This invention relates to a construction for reducing wind and breath noise in microphones, and more particularly it relates to an assembly for reducing the sensitivity of sall diameter microphones to the interference cause by air passage from wind or breath.
A problem common to all microphones is the existence of substantial noise produced from air passage over the microphone's surface. Noise produced by wind passage over the microphone is commonly referred to as "puff", and noise produced by the passage of a person's breath over the microphone surface is commonly referred to as "pop". In the prior art, numerous methods have been employed to protect against both puff and pop, including the placement of windscreens or porous materials over the surface of the microphone to reduce the interaction between the moving air and the microphone's surface.

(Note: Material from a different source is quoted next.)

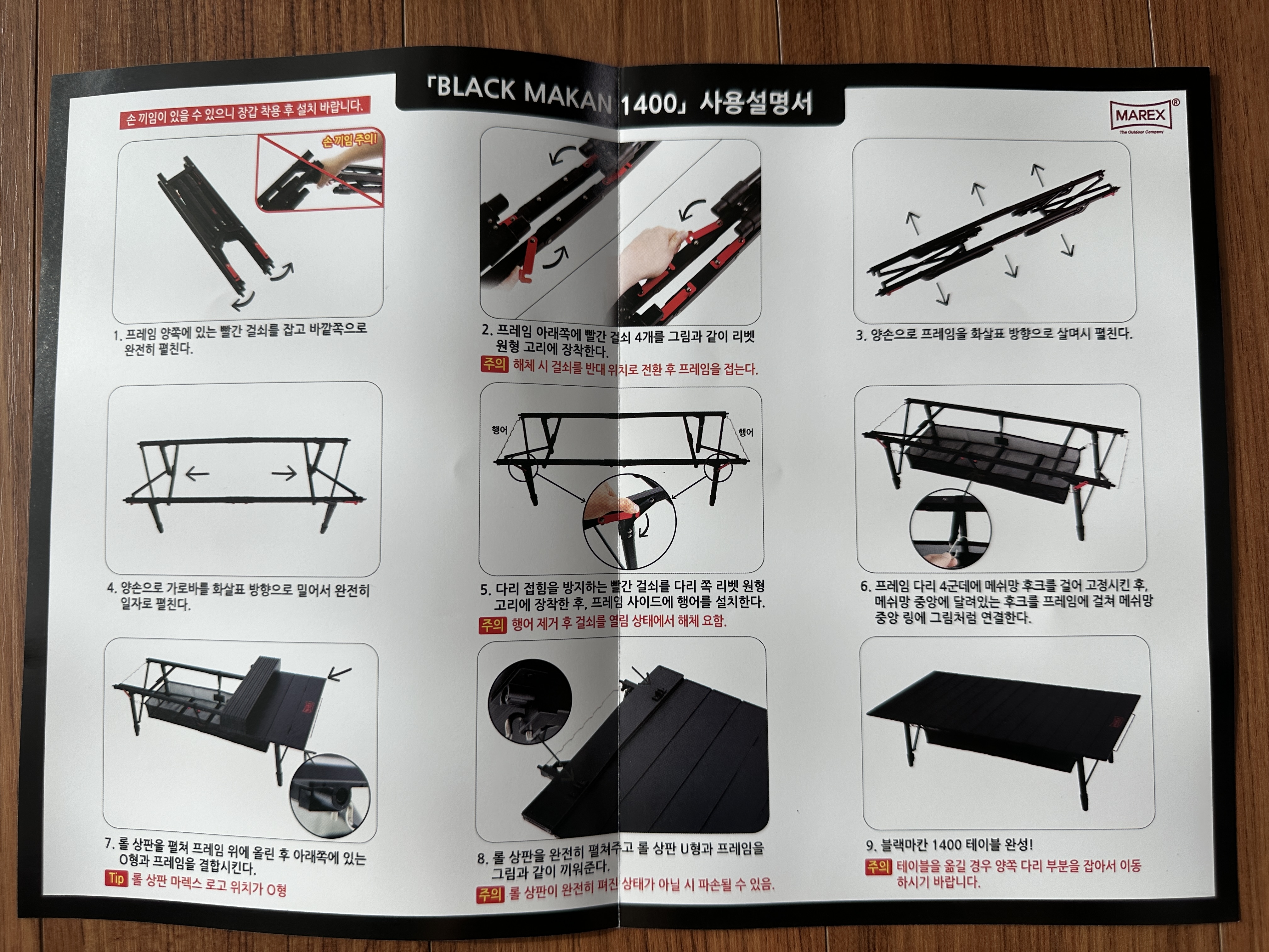 가방을 열면 이렇게 테이블 구성품이 가지런히 위치해있습니다.

Puff and pop problems are more prevalent in small diameter microphones, especially when the microphone transducer is of the condenser type. Primarily, the greater problems for small diameter microphones result from air turbulence causing a higher net instantaneous total pressure on the surface of a small area microphone than on a larger area microphone. That is, on a microphone having a small area for receipt of sound pressure, there may be in any instance a preponderance of elevated pressure cells, or there may be rarified pressure cells, causing unwanted motion in the microphone sound receiving surface and hence unwanted puff or pop signals.
Conventional methods of reducing puff or pop noise in small diameter microphones are effective. However, a need has arisen for a technique of producing noise reduction that is more effective than currently used in small diameter microphone transducers in such application as, for example, a telephone or radio telephone handset. That is, a means is needed that is more effective than adding a windscreen or a foam (or similar) covering to the microphone transducer.